Étienne Sved

From Wikipedia, the free encyclopedia

This is an old revision of this page, as edited by Jamesmcardle (talk | contribs) at 02:17, 25 June 2018 (created page). The present address (URL) is a permanent link to this revision, which may differ significantly from the current revision.

(diff) ← Previous revision | Latest revision (diff) | Newer revision → (diff)

Étienne Sved (1914-1996) was Hungarian-born French naturalised photographer and poster artist.

Étienne Sved was born Süsz István in Székesfehérvar, Hungary, in 1914, changing his name on June 9, 1947. In 1930 he joined Atelier Budapest, a school of graphic arts founded in Budapest by Bauhaus teachers fleeing Nazi Germany.
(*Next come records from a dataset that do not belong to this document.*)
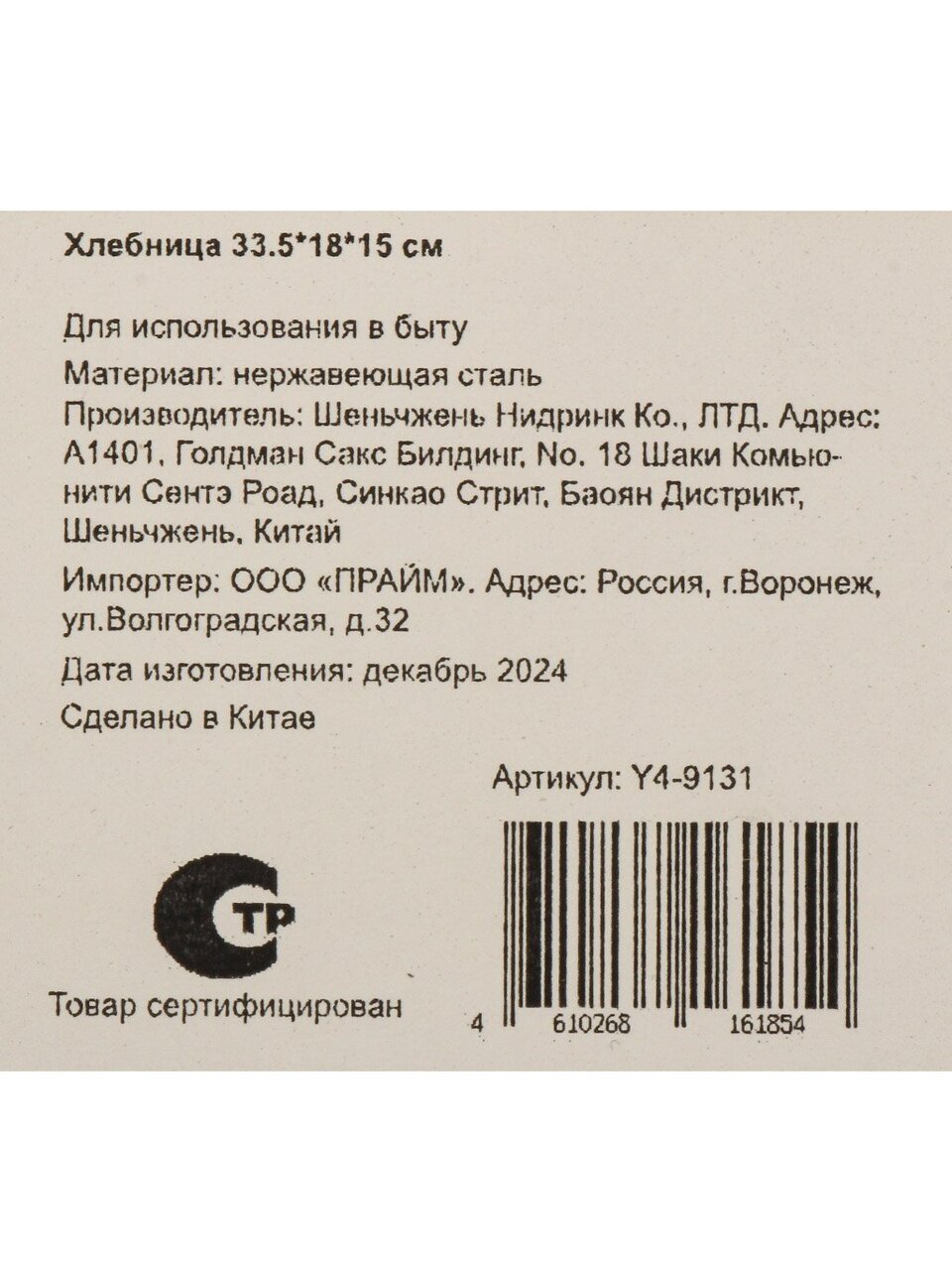 Вы можете приобрести «Хлебница нержавеющая сталь, 33.5х18х15 см, Y4-9131» и другие товары в нашем интернет-магазине в Ярославле по низким ценам и с бесплатным самовывозом.
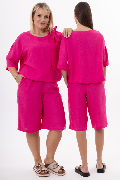 Женский костюм из льна с вискозой премиум-класса. Комплект: джемпер со съемным бантом в комплекте и шорты.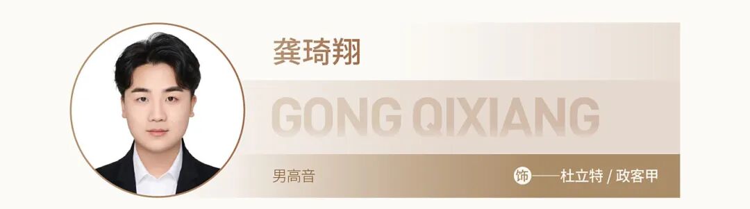 2024年6月在“世界輕歌劇音樂會”飾演輕歌劇《土匪的女兒》pietro,同場音樂會飾演輕歌劇《蝙蝠》中的愛森斯坦;2024年秋季以男高音考入浙江音樂學(xué)院歌劇學(xué)院,2024年底出演普契尼歌劇《圖蘭朵》飾演“L'imperatore”一角;在杭州大劇院2025年新年音樂會中再次飾演《圖蘭朵》“L'imperatore”一角。2025年在“星河呢喃”主題音樂會中飾演多尼采蒂歌劇《愛之甘醇》中的男主角nemorino角色,在“三棱鏡狂想曲”主題音樂會中分別飾演歌劇《蒂蕾西亞的瑪梅爾斯》中的lemari(丈夫)角色,歌劇《駱駝祥子》中的祥子一角。2025 年獲得“全國聲樂青音獎總展演”美聲一高校組的鉑金獎。
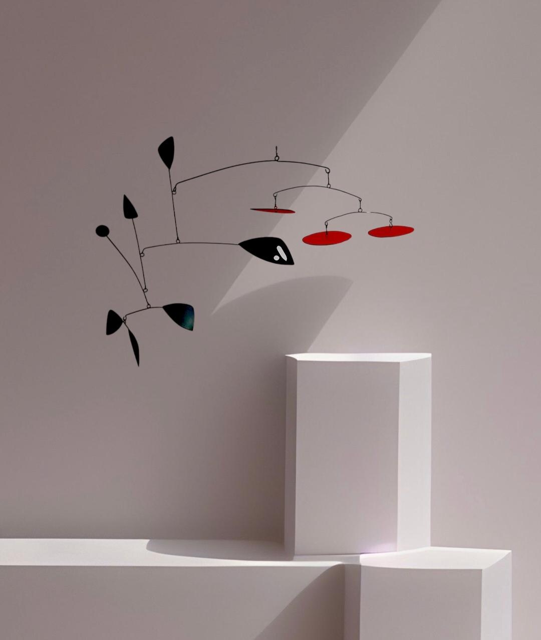 The "Kyoto Minimal" kinetic sculpture is a hanging mobile with a contemporary minimalist design in black and red. This mobile is entirely hand-cut, assembled, and painted using various materials: aluminum foil, wire, hooks, and matte paint. The mobile comes with 1.2m of nylon thread and a hook for hanging.
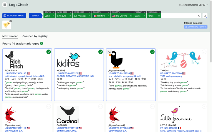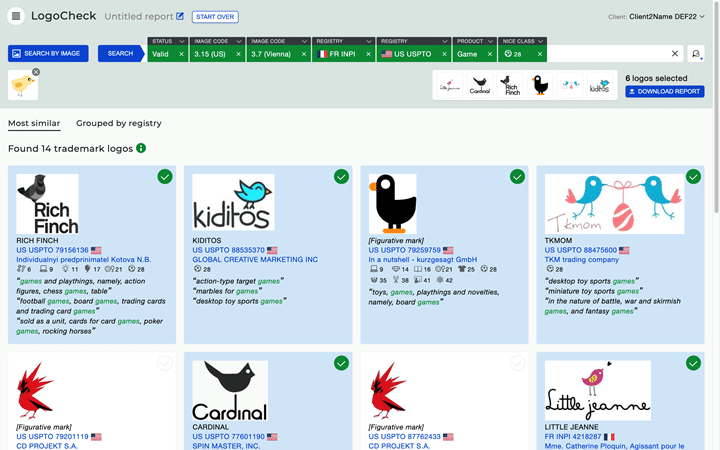 We can select a number of filters from LogoCheck’s Finder Bar to help our hunt, including Trademark Status, Vienna codes and US design codes, specific country registries, Nice (product) Classes, and even key in individual product types, such as “Games”:
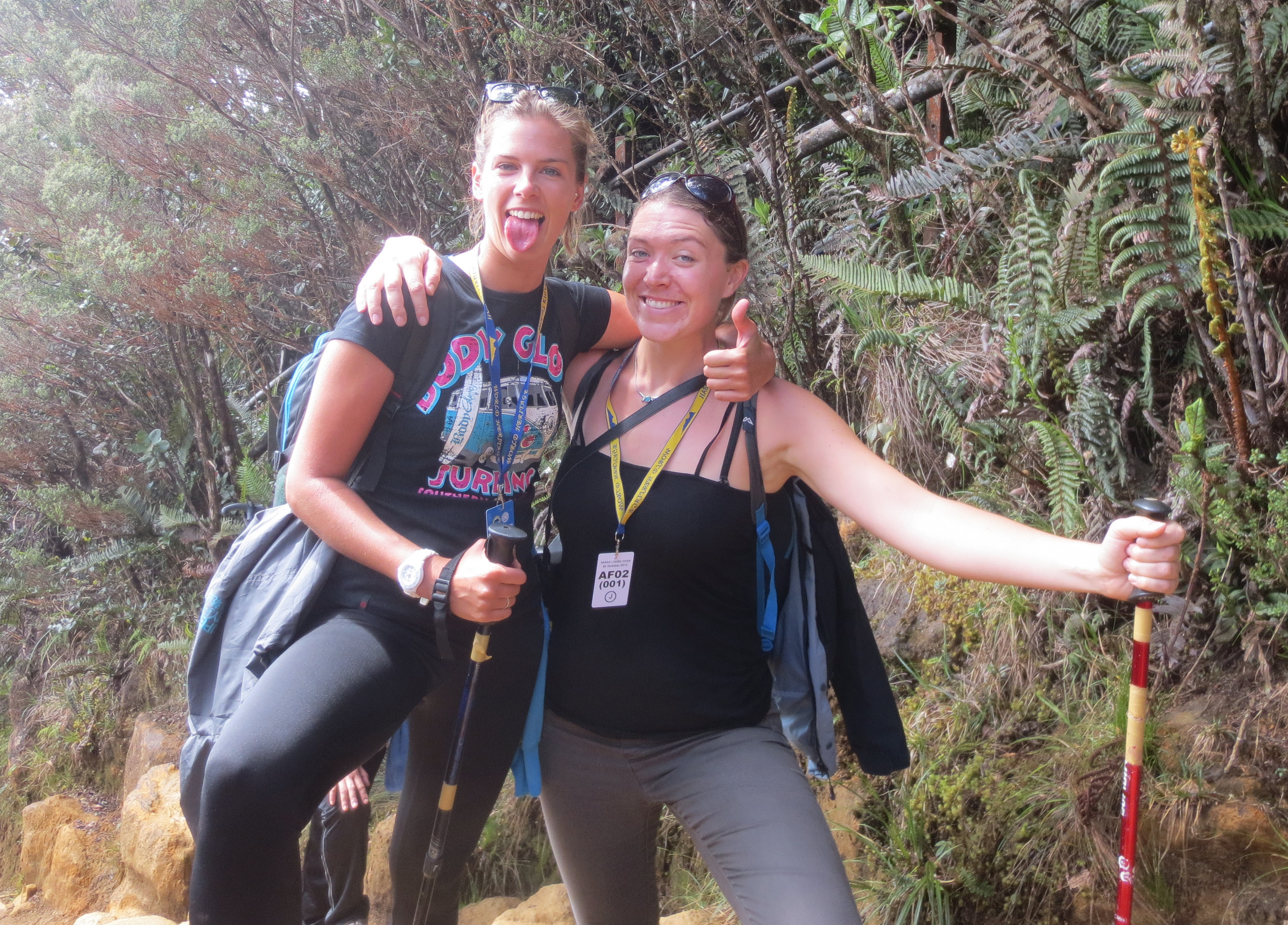 À mi-chemin de la descente, j’ai croisé Sarah et Anja qui montaient jusqu’à Laban Rata pour y passer la nuit. Quand je les ai vues, je me suis littéralement effondré. Elles ont donc pris le temps qu’il fallait pour me remonter le moral, Sarah tentant même de relâcher mes points de pression… ou quelque chose comme cela… truc de yoga chose machin. Je tiens donc à les remercier puisqu’elles ont été d’un très grand support moral.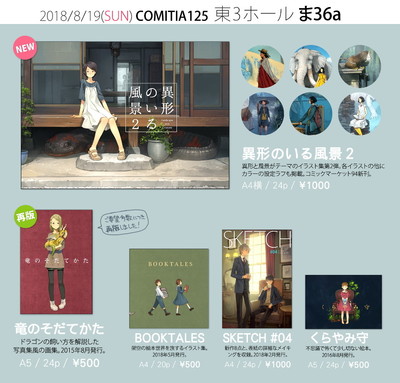 【コミティア125】ま36a にて夏コミ新刊「異形のいる風景2」と、再販した「竜のそだてかた」及び既刊数点を頒布します。よろしくお願いします。 #COMITIA125

A Jew, Étienne Sved, fled to Egypt in 1938, traveling the country on a donkey, touring ancient funerary sites on the banks of the Nile, eventually befriending Abbot Drioton, director of the Cairo Museum.

Life and work in Egypt

Sved remained in the country until 1946 and through his friendship with the writer and intellectual Georges Henein, founder of the surrealist Jama’at al-Fann Wa al-Hurriyyah (Art and Liberty Group)[1] active 1939 - 1945, Sved worked as a photographer at the French paper Le Progrés Egyplien.  In 1945, when Sved executed a series of posters for a local brand of cigarettes called Setos, Henein was the director of Gianaclis, the company that owned it.

He published many satirical drawings before discovering photography, and while in Cairo, Sved created a series of anti-Nazi caricatures that were republished many years later in a bound volume titled Adolf ou à quand le crèpuscule des odieux?[2]  His photographic work illustrated Jean Cocteau's Maalesh, a journal inspired by Cocteau's 1949 stay in Egypt.

Sved’s eagerness to document the local Arab and Bedouin populations, rather than the French colonialists, led him to create an impressive collection of images of artefacts and street photographs of great historical value, which appear notably in a work published in 1954,  Egypt face to face, with a text by Tristan Tzara.

In France

Étienne Sved departed Egypt for France in 1946, and the following year married. He became a naturalised French citizen in 1949. He continued his photographic career while successfully pursuing a career as an advertising graphic designer. In 1952, he travelled to Algiers to produce, over a six-week stay, 600 illustrations for the album Algiers, 1951, a country in waiting with texts by Benjamin Stora, and two Algerian writers, Malek Alloula and Maïssa Bey.

In 1962, he set up a publishing house and moved to Haute Provence producing Provence des campaniles (1972), which won the Nadar prize in 1990. He continued his work as a publisher and photographer until his death in 1996.


Legacy

In 2003, the Nicéphore-Niépce museum acquired the Middle Eastern photographic collection of Étienne Sved, comprising more than 3,000 negatives and  vintage prints) and mounted a major retrospective in the same year in Manosque. The following year, Denon museum in Chalon-sur-Saône showed Moolesh, seventy-five photographs taken during his early years in Egypt along with memorabilia including a self-portrait of Sved around 1940 in costume and tie; his 1944 press card for Le Progrés Egyplien; and the Hungarian civil status certificate recording his name change from Istvan Süsz on June 9, 1947.

Publications

Art égyptien (1950) Text by Étienne Drioton (1889-1961), photographs by Étienne Sved.

Étienne Sved: East meets West (1943)  Cairo: R. Schnindler.

Étienne Sved, Tristan Tzara (1896-1963c) L'Égypte face à face (Egypt face to face), 2nd ed.  Pierrevert : Sved 1988

Nice in full light (1976) editions: Saint Michel-l'Observatoire /  Paris: Sved, 1972

Étienne Sved, Malek Alloula (1937-2015) , Maïssa Bey , Benjamin Stora Alger 1951: un pays dans l'attente (Alger 1951: a country in waiting) Algiers: Barzakh, Barbentane : Équinoxe , 1996.

Étienne Sved, Jean Cocteau (1889-1963) Maalesh. Manosque: Bec up ed. ; [Chalon-sur-Saône]: Nicephore Niepce Museum, 2003

Website: http://www.sved.free.fr was created in May 2002 by the association "The Friends of Étienne Sved" for the conservation, the promotion and the diffusion of the artist’s work.

References

  1. ^ Bardaouil, Sam & ProQuest (Firm) (2017).  Surrealism in Egypt : modernism and the Art and Liberty group. I.B. Tauris & Co. Ltd, London ; New York, NY
  2. ^ Adolf ou à quand le crépuscule des odieux? [Texte imprimé]: Opéra bouffe / Illustrations Etienne Sved; préface de Rita Thalmann / [Paris]: Ed. de Nesle, [1980?]